Natural language processing bucketing

As an example of implementing bucketing for natural language processing models, consider an application where the lengths of tokenized sequences in a dataset are uniformly distributed between 0 and 128 tokens. Given that every tokenized sequence length between 0 and 128 is equally likely, it might make sense to create bucketed models that divide up the range of tokenized sequence lengths into equally sized chunks. For example, we could create bucketed models for tokenized sequence lengths 64 and 128.

As an example of running inference with bucketing, let’s assume that we created bucketed models for the input tokenized sequence lengths 64 and 128. If we receive a tokenized sequence with length 55, we would need to pad it to the bucket size 64 and use this bucket for inference. If we receive a tokenized sequence with length 112, we would need to pad it to the bucket size 128 and use this bucket for inference.

End-to-end natural language processing bucketing example

In this example, we run inference in a natural language processing application that has variable length tokenized sequences that range from 0 to 128. We create bucketed models for lengths 64 and 128 to handle the variable input lengths.

import numpy as np
import torch
from transformers import AutoTokenizer, AutoModelForSequenceClassification
import torch_neuron

# Build tokenizer and model
tokenizer = AutoTokenizer.from_pretrained("bert-base-cased-finetuned-mrpc")
model = AutoModelForSequenceClassification.from_pretrained("bert-base-cased-finetuned-mrpc", return_dict=False)
model.eval()

# Define the bucket sizes that will be used for compilation and inference
bucket_sizes = [64, 128]

# Create the bucketed models by compiling a model for each bucket size
buckets = {}
for bucket_size in bucket_sizes:
    # Setup some example inputs
    sequence_0 = "The company HuggingFace is based in New York City"
    sequence_1 = "HuggingFace's headquarters are situated in Manhattan"

    # Create an example input that is the desired bucket size
    paraphrase = tokenizer.encode_plus(sequence_0,
                                    sequence_1,
                                    max_length=bucket_size,
                                    padding='max_length',
                                    truncation=True,
                                    return_tensors="pt")

    # Convert example inputs to a format that is compatible with TorchScript tracing
    example_inputs_paraphrase = paraphrase['input_ids'], paraphrase['attention_mask'], paraphrase['token_type_ids']

    # Compile with the example input to create the bucketed model
    model_neuron = torch.neuron.trace(model, example_inputs_paraphrase)

    # Run a warm up inference to load the model into Inferentia memory
    model_neuron(*example_inputs_paraphrase)

    # Add the bucketed model based on its bucket size
    buckets[bucket_size] = model_neuron


def get_bucket_and_pad_paraphrase(paraphrase):
    # Determine which bucket size to use
    inputs = paraphrase['input_ids']
    attention = paraphrase['attention_mask']
    token_type = paraphrase['token_type_ids']
    paraphrase_len = inputs.shape[1]
    target_bucket = None
    for bucket_size in bucket_sizes:
        if paraphrase_len <= bucket_size:
            target_bucket = bucket_size
            break

    # Pad the paraphrase to match the size of the bucket
    delta = target_bucket - paraphrase_len
    zeros = torch.zeros([1, delta], dtype=torch.long)
    inputs = torch.cat([inputs, zeros], dim=1)
    attention = torch.cat([attention, zeros], dim=1)
    token_type = torch.cat([token_type, zeros], dim=1)

    paraphrase_padded = inputs, attention, token_type
    return paraphrase_padded, target_bucket


# Create two sample sequences
sequence_0 = ("The only other bear similar in size to the polar bear is the "
              "Kodiak bear, which is a subspecies of the brown bear.
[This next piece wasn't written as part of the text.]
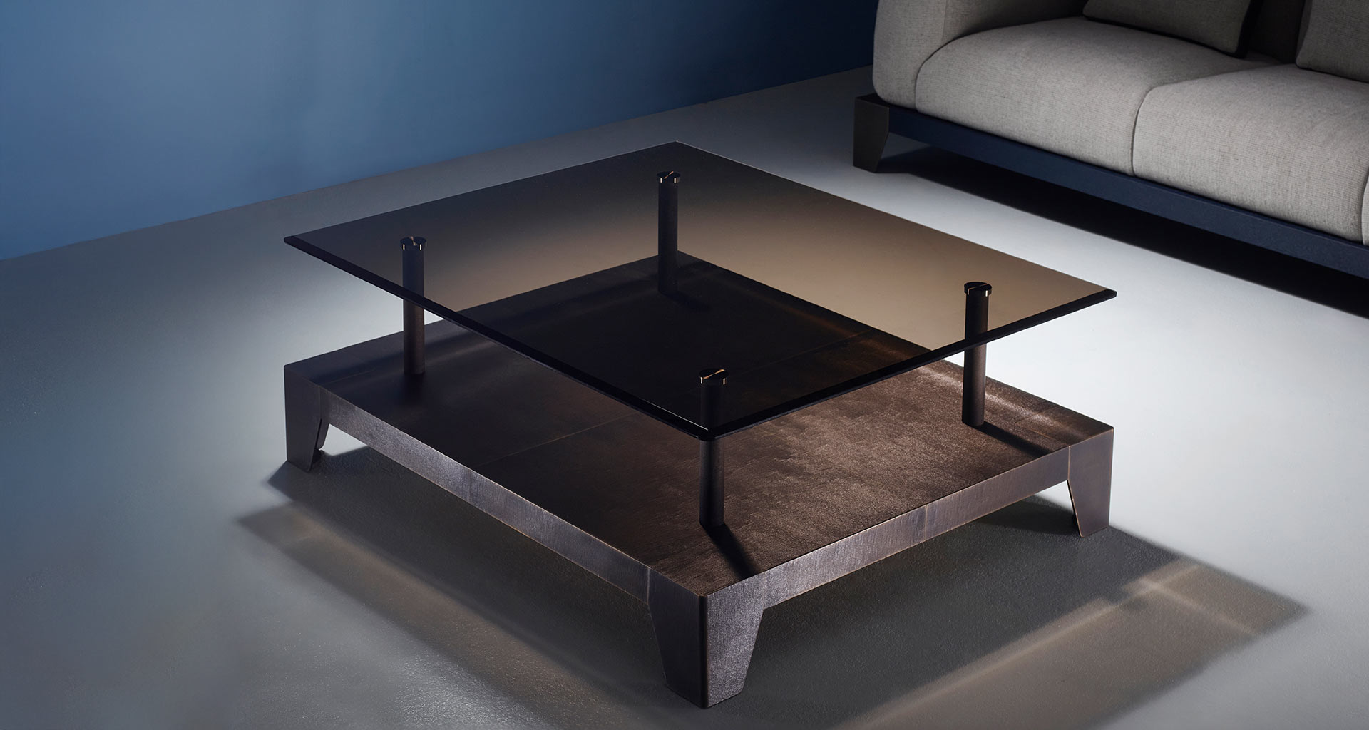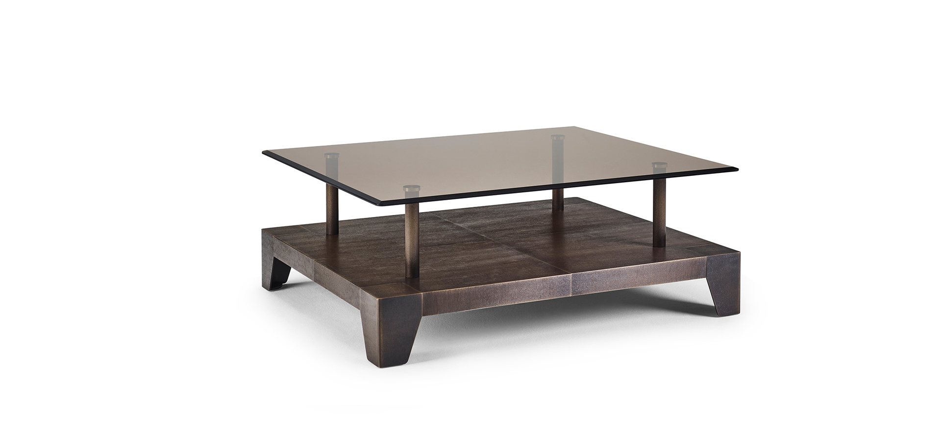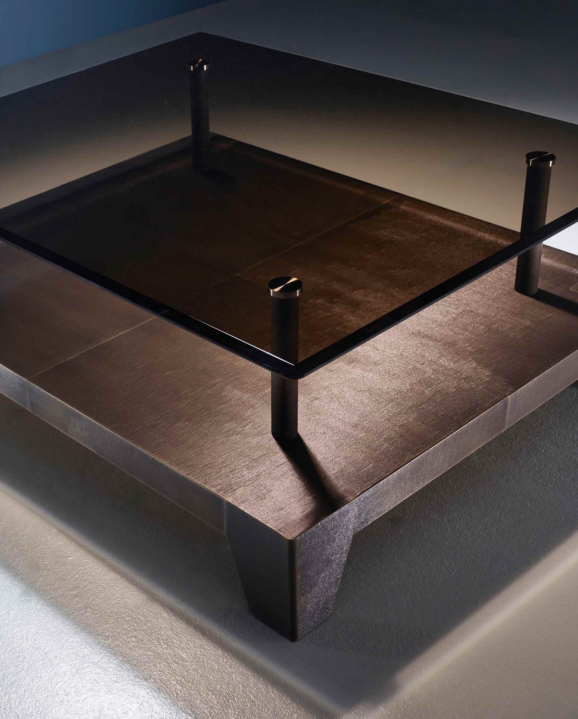 Il tavolo basso Laren, realizzato in collaborazione con lo studio olandese Marcel Wolterinck, unisce linee pulite alla preziosità dei dettagli tipica di Promemoria. Il piano in vetro trasparente si sovrappone a una base in legno, i cui bordi sono arricchiti da eleganti scanalature, mentre il bronzo completa la composizione dando vita a piedi d’appoggio dal carattere scultoreo. Ne nasce un fluido equilibrio di sensibilità e ricchezza materica che richiama le atmosfere della pittura del Secolo d’Oro olandese.

Adult male "
              "polar bears weigh 350–700 kg and measure 2.4–3 meters in total "
              "length. All bears are short-tailed, the polar bear's tail is "
              "relatively the shortest amongst living bears.")
sequence_1 = ("Around the Beaufort Sea, however, mature males reportedly "
              "average 450 kg. Adult females are roughly half the size of males "
              "and normally weigh 150–250 kg, measuring 1.8–2.4 meters in length. "
              "The legs are stocky and the ears and tail are small.")

# Run inference on inputs with different shapes
# We create the variable shapes by randomly cropping the sequences
for _ in range(10):
    # Get random sequence lengths between 0 and 128
    paraphrase_len = int(np.random.uniform(128))

    # Crop the paraphrase
    paraphrase_cropped = tokenizer.encode_plus(sequence_0,
                                    sequence_1,
                                    max_length=paraphrase_len,
                                    padding='max_length',
                                    truncation=True,
                                    return_tensors="pt")

    # Determine bucket and pad the paraphrase
    paraphrase_padded, target_bucket = get_bucket_and_pad_paraphrase(paraphrase_cropped)

    # Use the corresponding bucket to run inference
    output = buckets[target_bucket](*paraphrase_padded)